我是 SAS/SQL 的长期用户,并且一直默认为我的 groupbys 使用 SQL
例如要做
select region
,case when age < 5 then 'Low'
when age >= 5 and age <= 10 then 'Middle'
else 'High' as duration
,sum(1) as total
,sum(profit) as profit
,sum(profit)/sum(1) as avg_profit
,max(revenue) as max revenue
from table
where region not in ('A')
group by
region,(case when age < 5 then 'Low'
when age >= 5 and age <= 10 then 'Middle'
else 'High)
我正在尝试在 Pandas 中重新创建上述内容,但我不知道如何用尽可能少的代码编写它 谁能建议一种在 Pandas 中编写此内容的有效方法,而不涉及 5 次合并和事先创建新列?
您可以将聚合函数与
groupby
和 np.where
一起使用。试试这个:
import pandas as pd
import numpy as np
# Assuming you have a DataFrame named 'df' with columns 'region', 'age', 'profit', and 'revenue'
condition1 = df['age'] < 5
condition2 = (df['age'] >= 5) & (df['age'] <= 10)

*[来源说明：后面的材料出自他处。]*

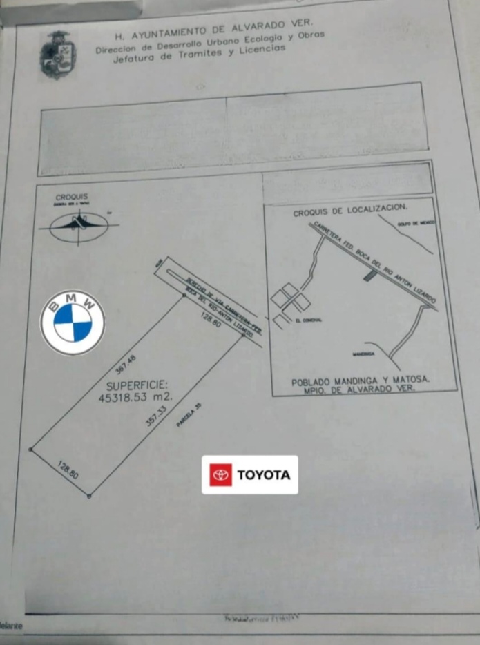 SE VENDEN 45,318.53 M2. A ORILLA DE LA RIVIERA VERACRUZANA, UBICADO EN MEDIO DE LAS AGENCIAS DE AUTOS BMW Y TOYOTA, EN LA CARRETERA FEDERAL BOCA DEL RIO ANTON LIZARDO. CUENTA CON UN FRENTE A LA RIVIERA VERACRUZANA DE 128.80 M. POR 357.33. DE FONDO. ESTE TERRENO ES UNICO E IDEAL PARA COMERCIO, PARA PLAZA O DESARROLLO COMERCIAL. ALREDEDOR SE ENCUENTRAN ESCUELAS, CLUB DE RAQUETA, CAFÉS COMO LA PARROQUIA, COLEGIOS, BANCOS, FARMACIAS, WALMART EXPRESS, GASOLINERAS, TORRES DE CONDOMINIOS, FRACCIONAMIENTOS A ORILLA DE MAR, EMBARCADEROS, ETC. PRECIO DE VENTA 6,000.00 PESOS EL M2 A TRATAR. INFORMES PEDRO CASTILLO, CEL 2291748401.
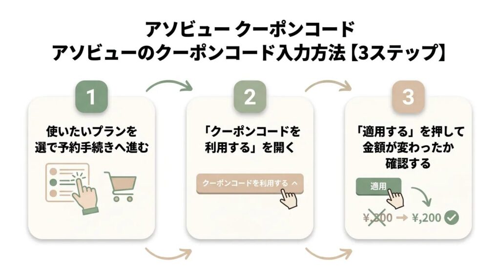 今使える割引の全体像はアソビューのクーポン完全ガイドで整理しています。
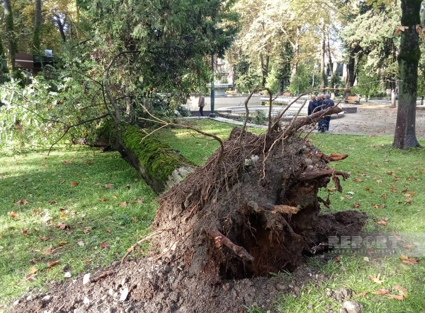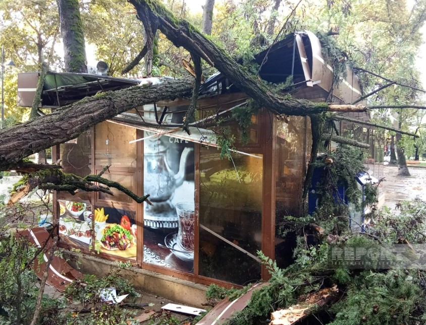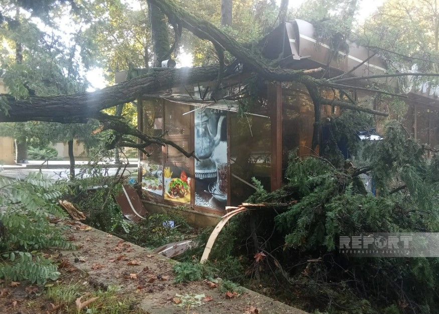 В Исмаиллинском районе Азербайджана сильный ветер привёл к падению крупного дерева на объект общепита, сообщает Report.
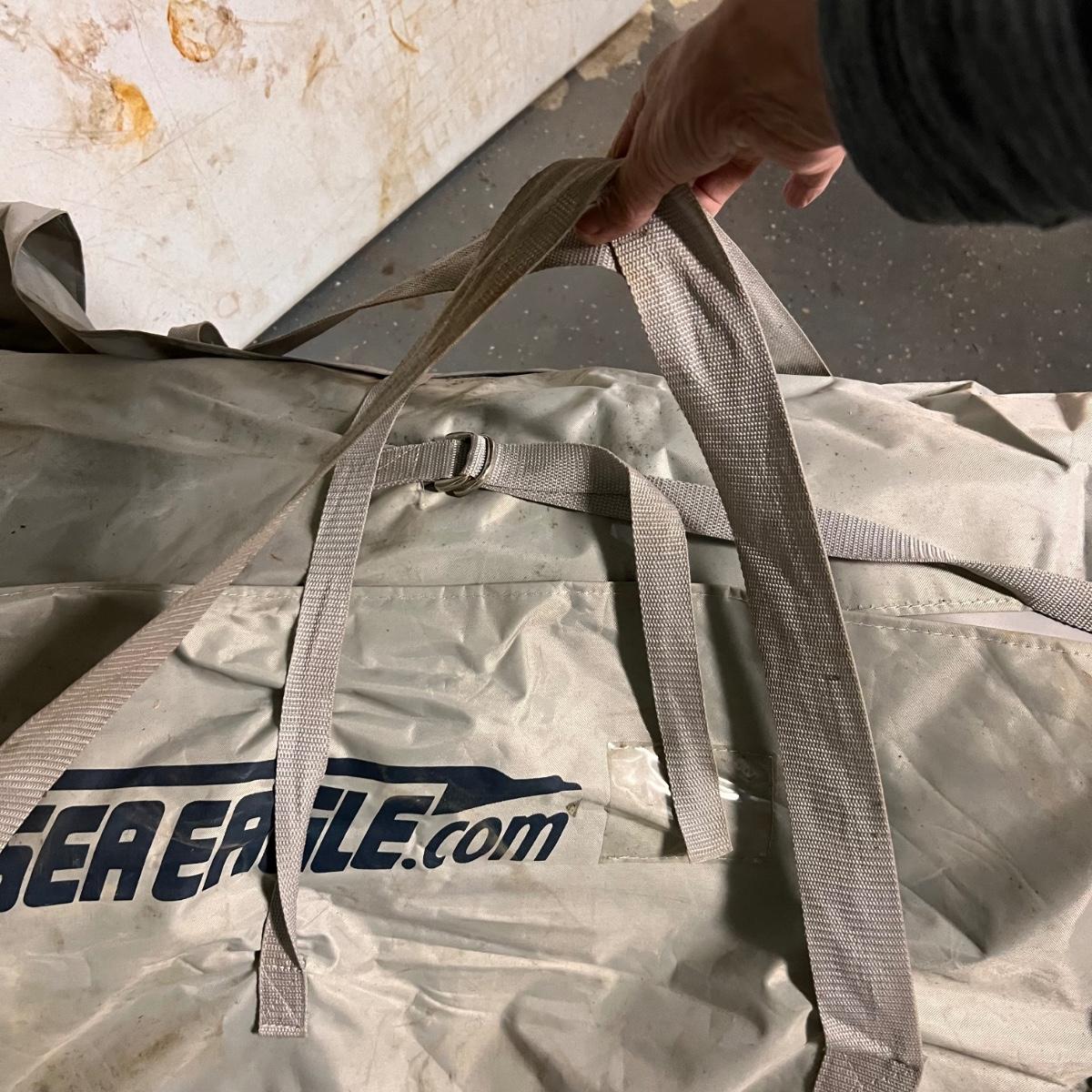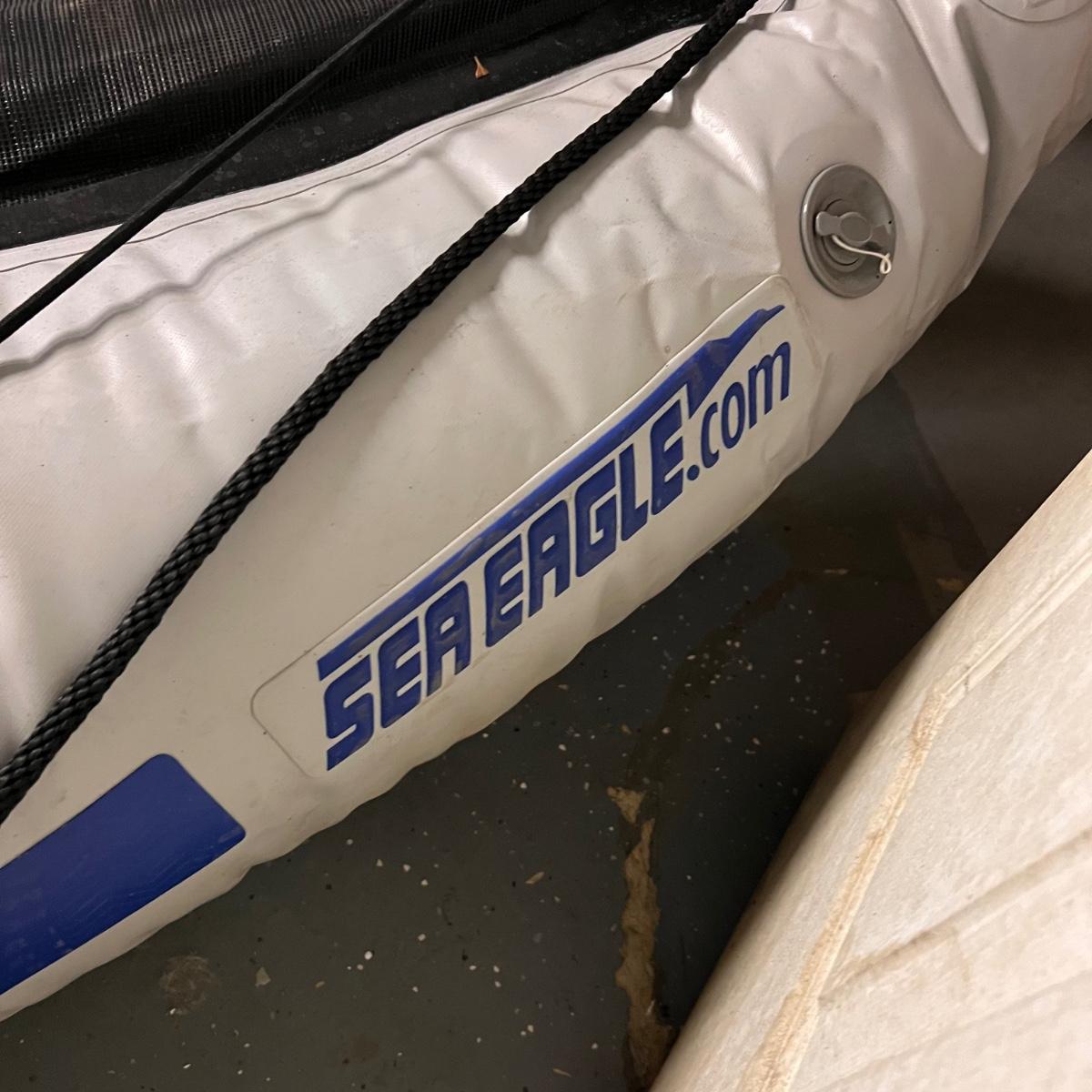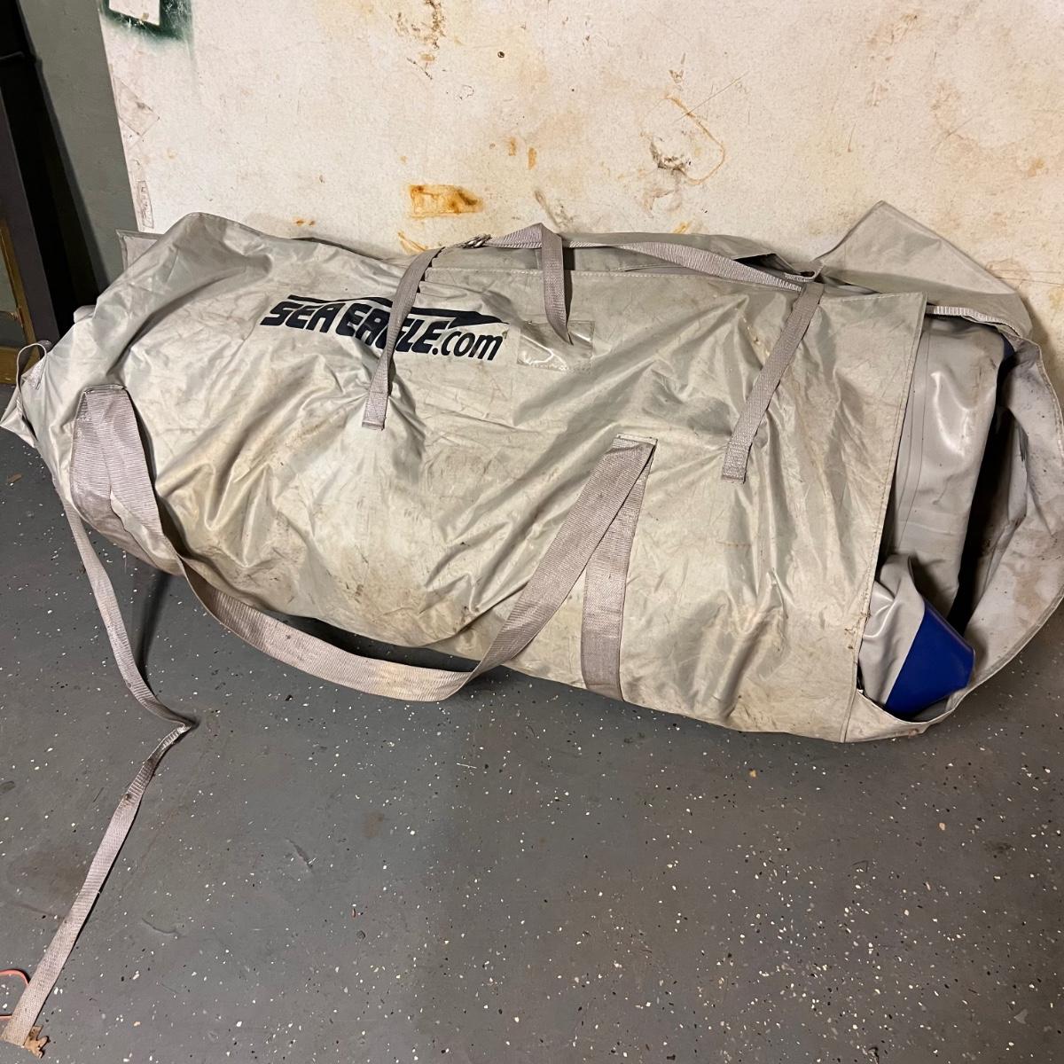 This Sea Eagle inflatable boat comes with oar, patch kit and a carry bag. See images for more information. It has been deflated for transportation. There are seats in other lots in this sale that would work for this boat.

# Create the 'duration' column using np.where
df['duration'] = np.where(condition1, 'Low',
np.where(condition2, 'Middle', 'High'))
# Filter out the 'A' region
df = df[df['region'] != 'A']
# Group by 'region' and 'duration', and apply aggregations
result = df.groupby(['region', 'duration']).agg(
total=('age', 'count'),
profit=('profit', 'sum'),
avg_profit=('profit', 'mean'),
max_revenue=('revenue', 'max')
)
print(result)